Input Block Start

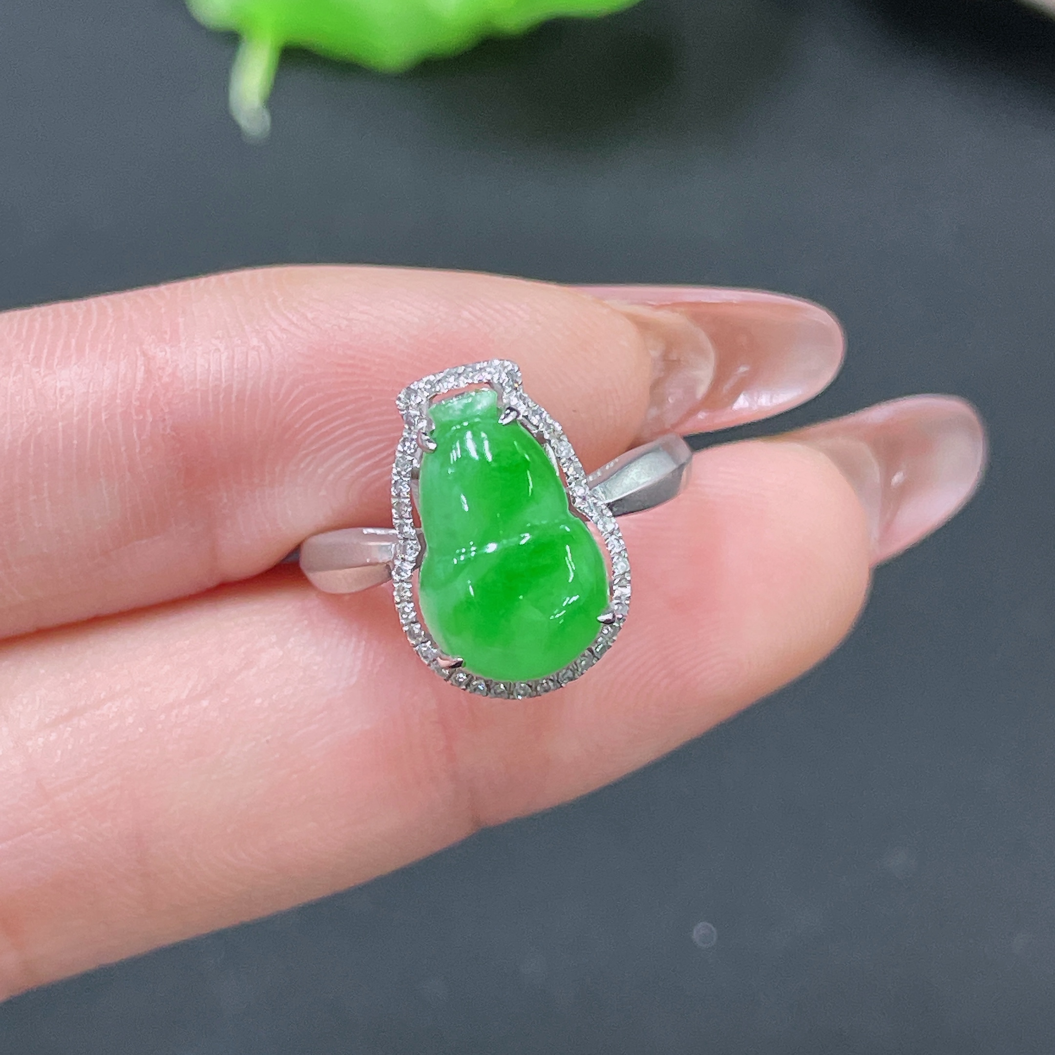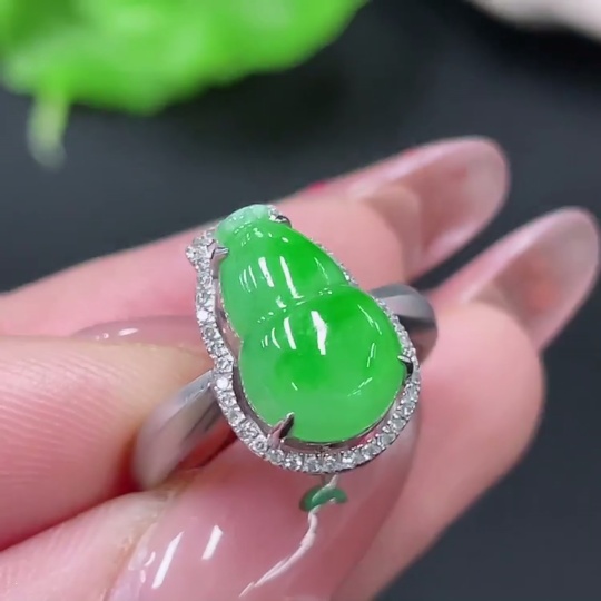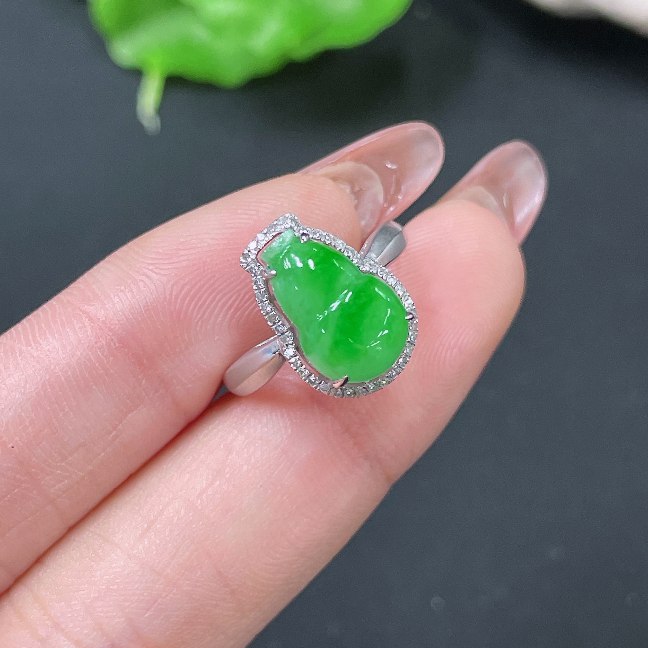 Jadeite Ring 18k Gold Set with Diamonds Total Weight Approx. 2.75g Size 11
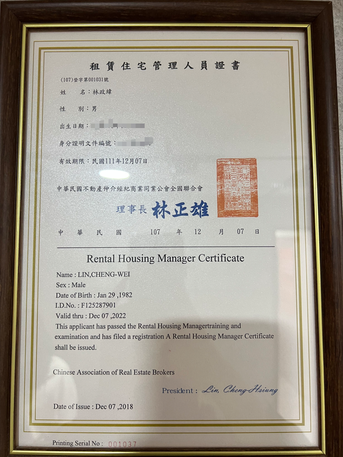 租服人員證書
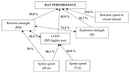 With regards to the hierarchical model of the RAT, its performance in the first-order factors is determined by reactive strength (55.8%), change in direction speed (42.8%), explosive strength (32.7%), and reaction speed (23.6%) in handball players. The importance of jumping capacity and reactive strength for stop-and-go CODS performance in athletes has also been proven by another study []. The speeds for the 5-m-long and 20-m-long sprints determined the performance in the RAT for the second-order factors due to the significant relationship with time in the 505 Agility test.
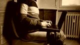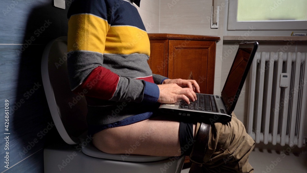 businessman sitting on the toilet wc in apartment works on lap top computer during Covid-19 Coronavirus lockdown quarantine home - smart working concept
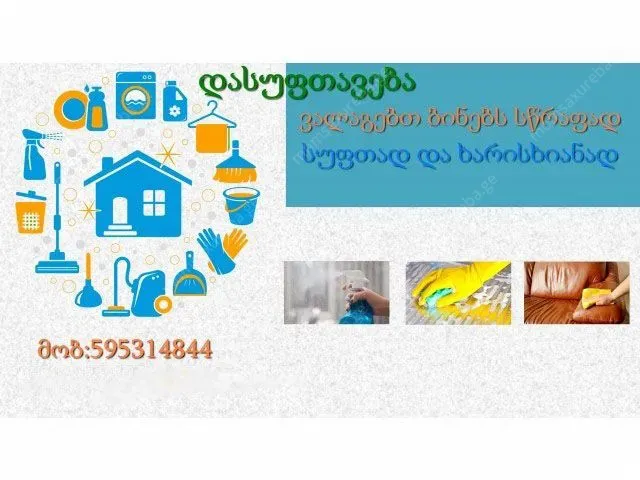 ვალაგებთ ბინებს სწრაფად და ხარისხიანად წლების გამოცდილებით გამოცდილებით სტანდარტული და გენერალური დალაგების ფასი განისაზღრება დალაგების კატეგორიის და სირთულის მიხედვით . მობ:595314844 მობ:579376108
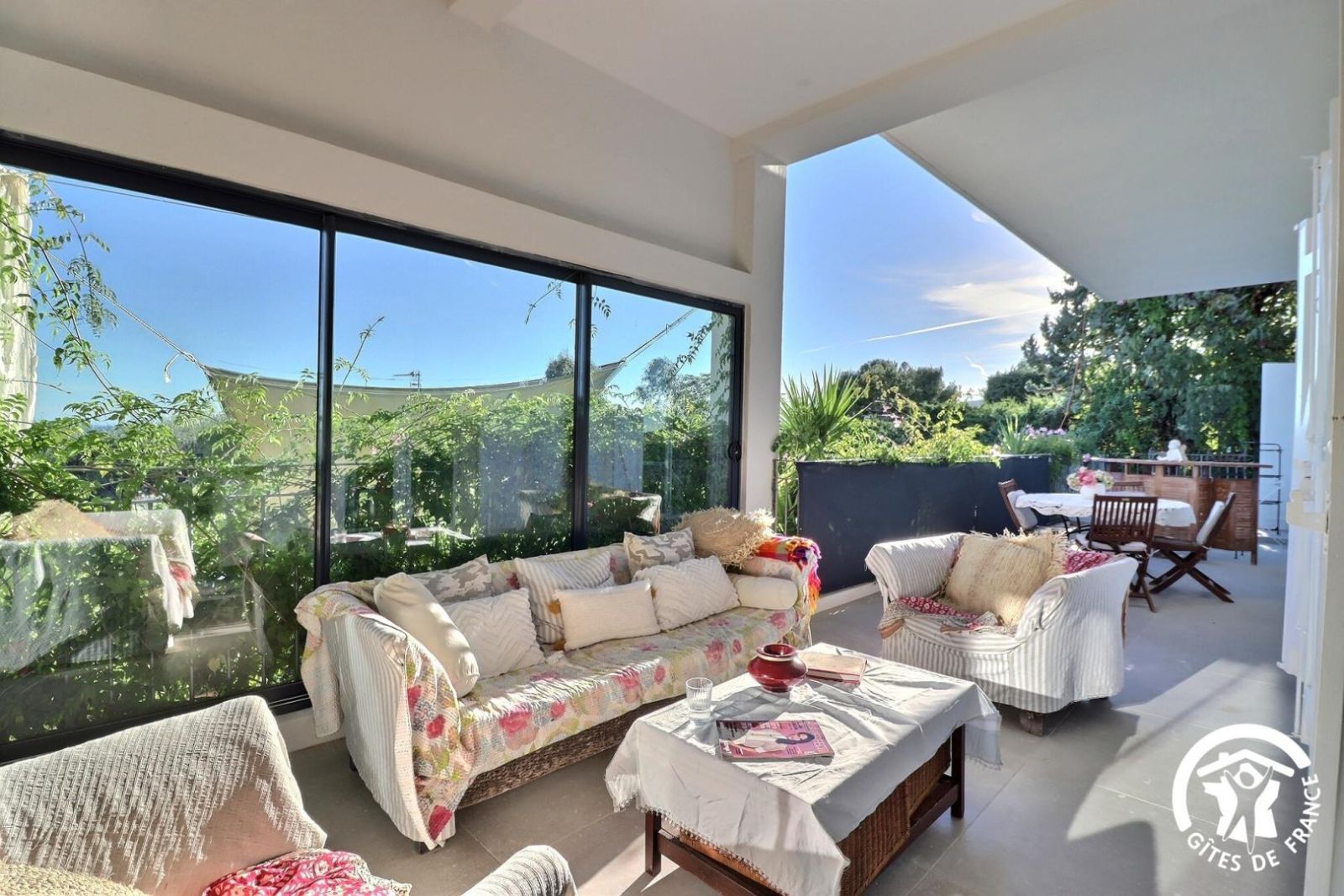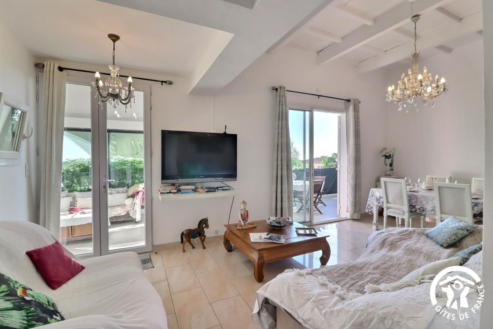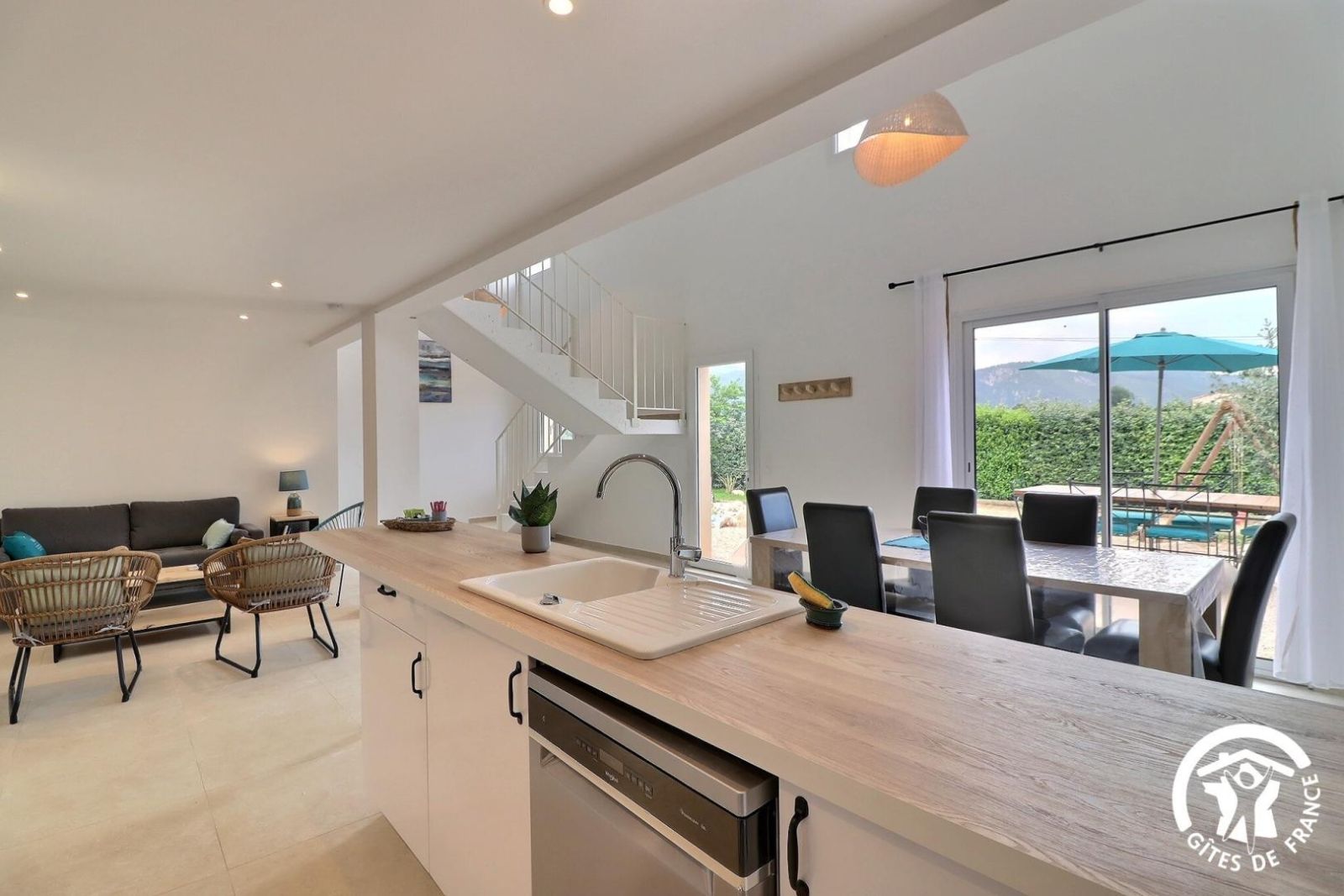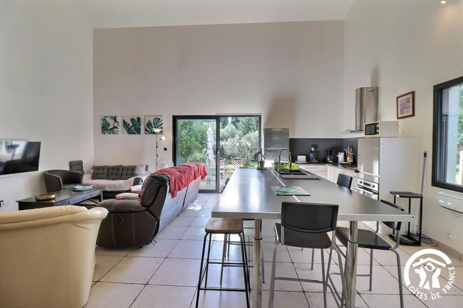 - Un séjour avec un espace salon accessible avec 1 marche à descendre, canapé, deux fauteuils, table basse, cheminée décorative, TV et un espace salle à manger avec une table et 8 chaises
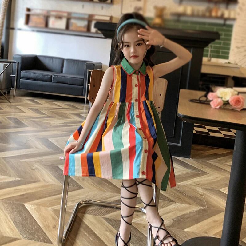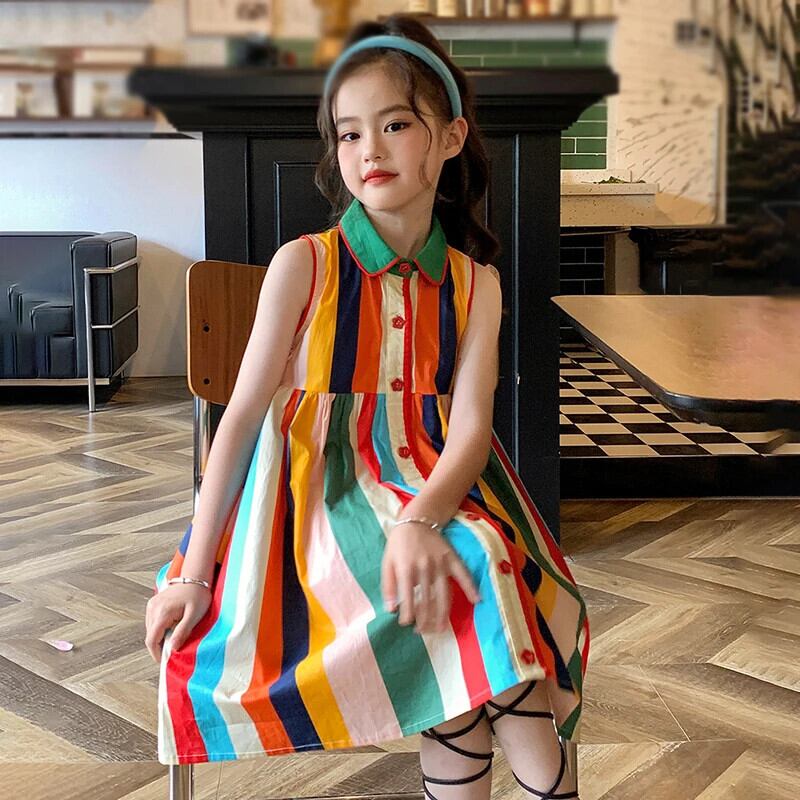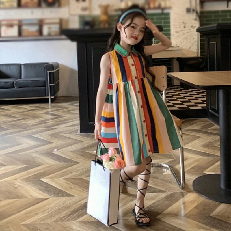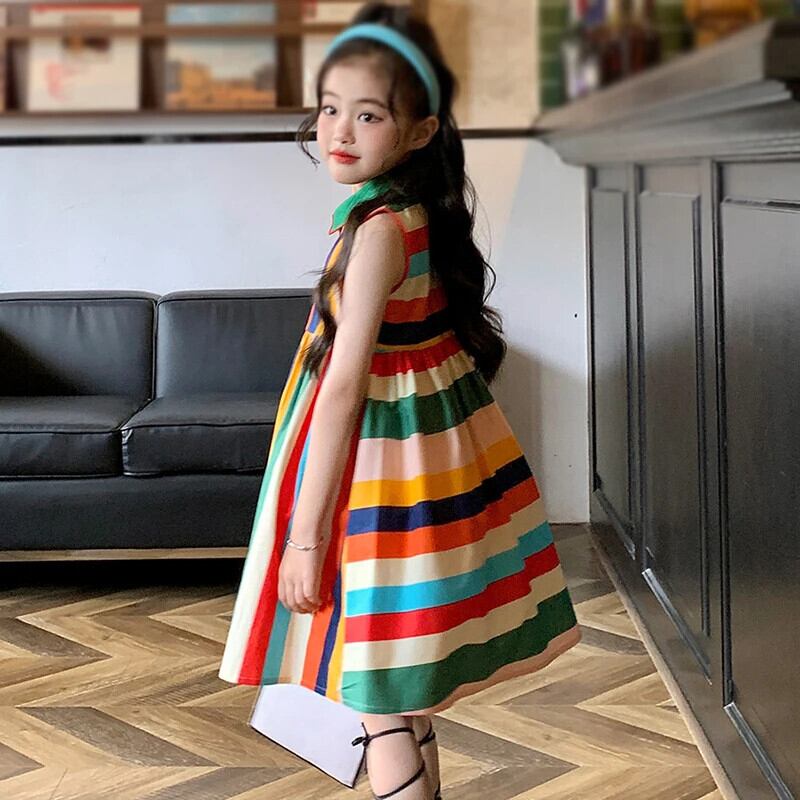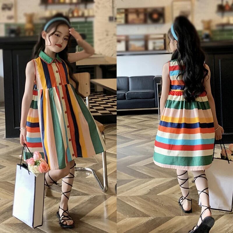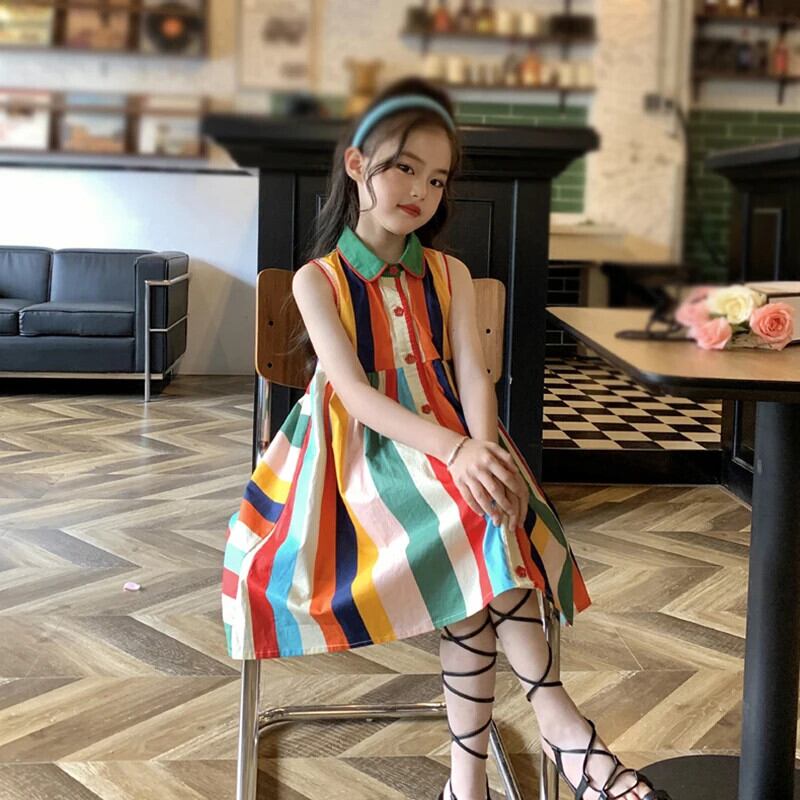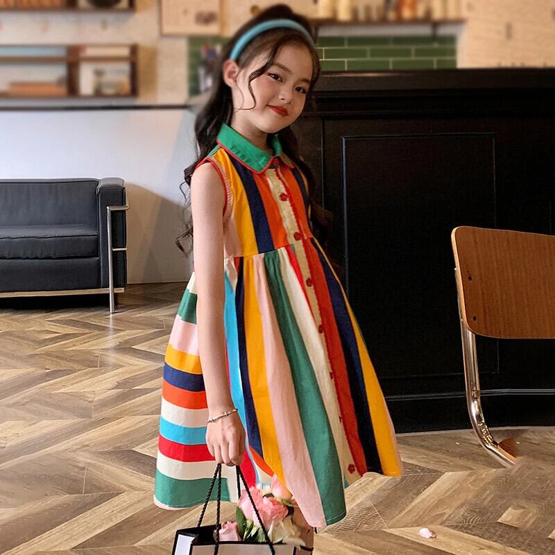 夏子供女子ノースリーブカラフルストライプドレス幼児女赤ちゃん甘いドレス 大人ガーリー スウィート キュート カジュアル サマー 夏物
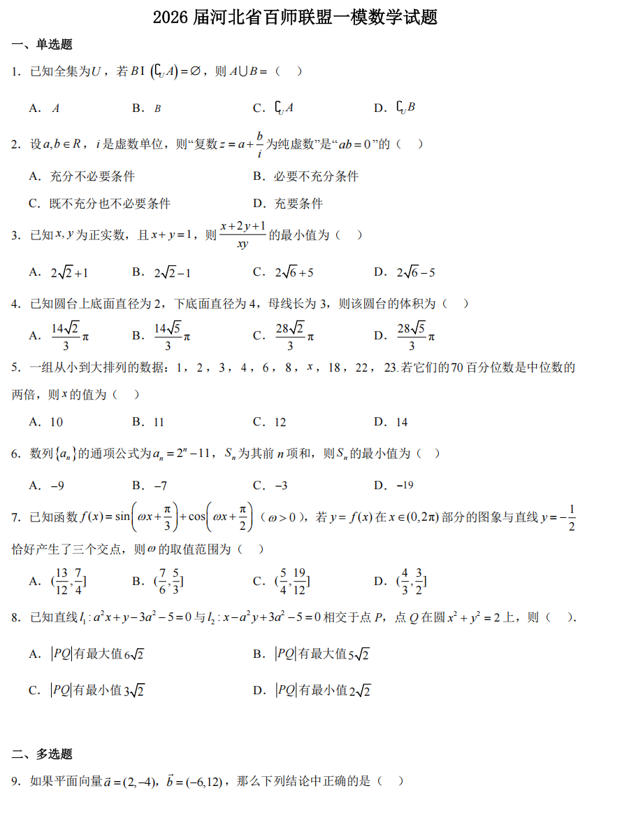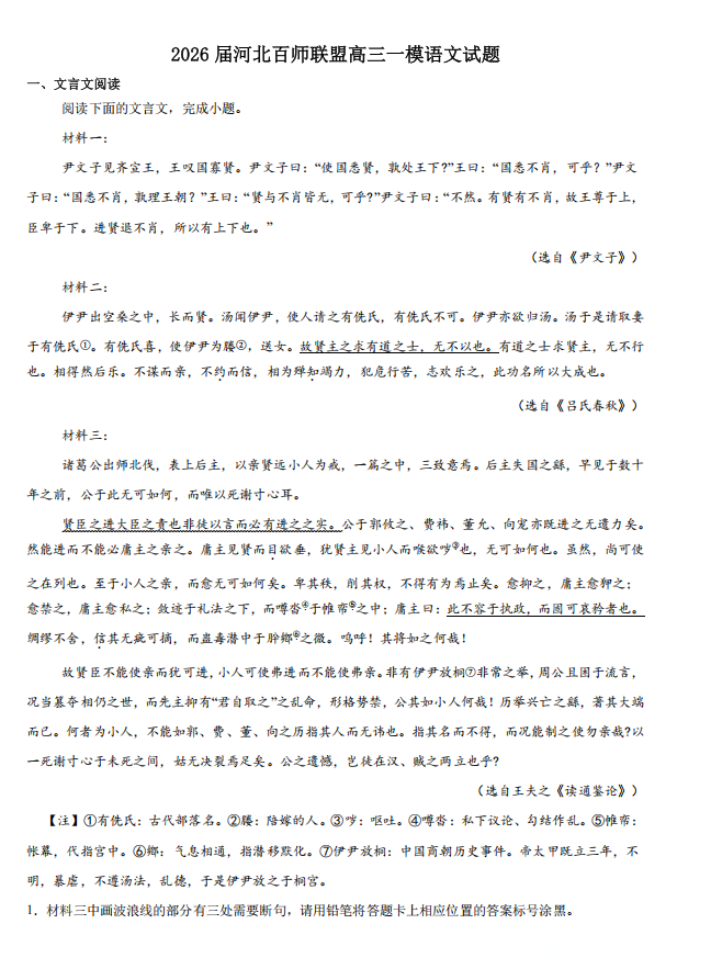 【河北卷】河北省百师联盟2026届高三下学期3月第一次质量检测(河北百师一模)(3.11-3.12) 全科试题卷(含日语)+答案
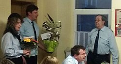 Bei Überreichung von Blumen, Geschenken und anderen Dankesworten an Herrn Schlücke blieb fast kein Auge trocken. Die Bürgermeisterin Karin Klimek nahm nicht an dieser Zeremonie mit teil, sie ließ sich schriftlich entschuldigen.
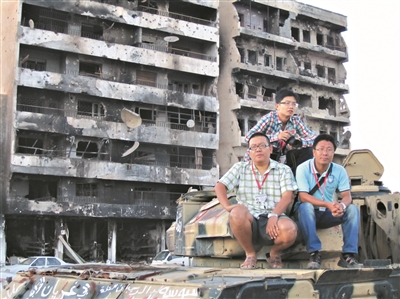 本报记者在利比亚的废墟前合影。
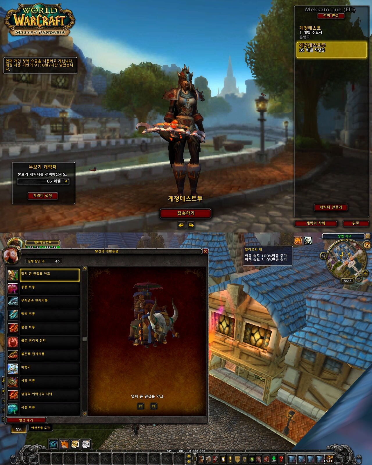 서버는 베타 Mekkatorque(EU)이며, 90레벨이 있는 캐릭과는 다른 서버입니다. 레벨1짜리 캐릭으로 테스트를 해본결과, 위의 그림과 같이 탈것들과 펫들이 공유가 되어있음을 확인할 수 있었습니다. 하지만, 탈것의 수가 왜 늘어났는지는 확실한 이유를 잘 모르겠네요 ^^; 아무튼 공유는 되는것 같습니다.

Input Block End

■ What you should do
Pictures are to be excluded; the records themselves are to be reproduced exactly.

■ Exercise answer
 Jadeite Ring 18k Gold Set with Diamonds Total Weight Approx. 2.75g Size 11
 租服人員證書
 With regards to the hierarchical model of the RAT, its performance in the first-order factors is determined by reactive strength (55.8%), change in direction speed (42.8%), explosive strength (32.7%), and reaction speed (23.6%) in handball players. The importance of jumping capacity and reactive strength for stop-and-go CODS performance in athletes has also been proven by another study []. The speeds for the 5-m-long and 20-m-long sprints determined the performance in the RAT for the second-order factors due to the significant relationship with time in the 505 Agility test.
 businessman sitting on the toilet wc in apartment works on lap top computer during Covid-19 Coronavirus lockdown quarantine home - smart working concept
 ვალაგებთ ბინებს სწრაფად და ხარისხიანად წლების გამოცდილებით გამოცდილებით სტანდარტული და გენერალური დალაგების ფასი განისაზღრება დალაგების კატეგორიის და სირთულის მიხედვით . მობ:595314844 მობ:579376108
 - Un séjour avec un espace salon accessible avec 1 marche à descendre, canapé, deux fauteuils, table basse, cheminée décorative, TV et un espace salle à manger avec une table et 8 chaises
 夏子供女子ノースリーブカラフルストライプドレス幼児女赤ちゃん甘いドレス 大人ガーリー スウィート キュート カジュアル サマー 夏物
 【河北卷】河北省百师联盟2026届高三下学期3月第一次质量检测(河北百师一模)(3.11-3.12) 全科试题卷(含日语)+答案
 Bei Überreichung von Blumen, Geschenken und anderen Dankesworten an Herrn Schlücke blieb fast kein Auge trocken. Die Bürgermeisterin Karin Klimek nahm nicht an dieser Zeremonie mit teil, sie ließ sich schriftlich entschuldigen.
 本报记者在利比亚的废墟前合影。
 서버는 베타 Mekkatorque(EU)이며, 90레벨이 있는 캐릭과는 다른 서버입니다. 레벨1짜리 캐릭으로 테스트를 해본결과, 위의 그림과 같이 탈것들과 펫들이 공유가 되어있음을 확인할 수 있었습니다. 하지만, 탈것의 수가 왜 늘어났는지는 확실한 이유를 잘 모르겠네요 ^^; 아무튼 공유는 되는것 같습니다.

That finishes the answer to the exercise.